Jezus bidt niet zonder reden voor eenheid onder zijn leerlingen. Hij weet dat tweedracht gemakkelijk de kop opsteekt.
In Israël vallen de raketten uit de lucht en gewonde en stervende slachtoffers op de grond. Aan de ene kant staat een eerste minister die naar de gevangenis zou moeten omdat hij corrupt is en nu met dat geweld populariteit koopt. Aan de andere kant heerst een regime dat al vijftien jaar lang geen verkiezingen heeft gehouden omdat het vreest de macht te verliezen. Het spel om de macht.
Jezus weet dat macht voor mensen een gevaarlijk instrument is. Jezus wil niet dat dit gif in zijn leerlingengroep binnensluipt. Hij heeft al wel gemerkt dat er apostelen zijn die een beetje te hard hun best doen om een voetje voor te krijgen.

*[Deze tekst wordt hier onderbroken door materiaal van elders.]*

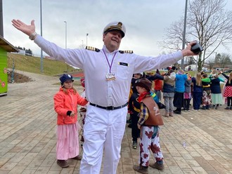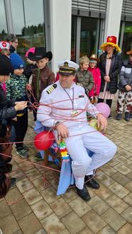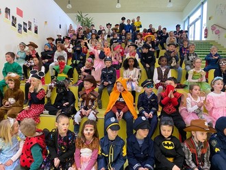 Dort boten die 4. und die 2. Klasse drei Faschingstrommelzüge dar. Danach fesselten vier Kinder den Bürgermeister an einen Stuhl. Nach einigen Verhandlungen konnte sich Herr Wimmer glücklicherweise mit Krapfen für die gesamte Schulfamilie als Lösegeld befreien. Frisch gestärkt tanzten und feierten alle Schüler zu lustiger Musik und Herr Wimmer war für jeden Spaß zu haben!

Als Jezus voor eenheid bidt, heeft Hij een norm voor ogen. Jezus kiest geen voorbeeld uit onze mensenwereld waar eenheid best geslaagd is. Hij neemt de eenheid tussen zijn Vader en zichzelf als maatstaf. Die eenheid ontstaat uit de Vader. Jezus leeft en werkt in de naam die de Vader hem gegeven heeft. Hij heeft geen machtsbasis om uit te bouwen en te verdedigen.
In tegenstelling tot de machthebbers van deze wereld, werken christenen niet voor eigen naam. Wij hebben allemaal een naam ontvangen van de Vader, zoals Jezus. Die naam maakt ons één en verbonden.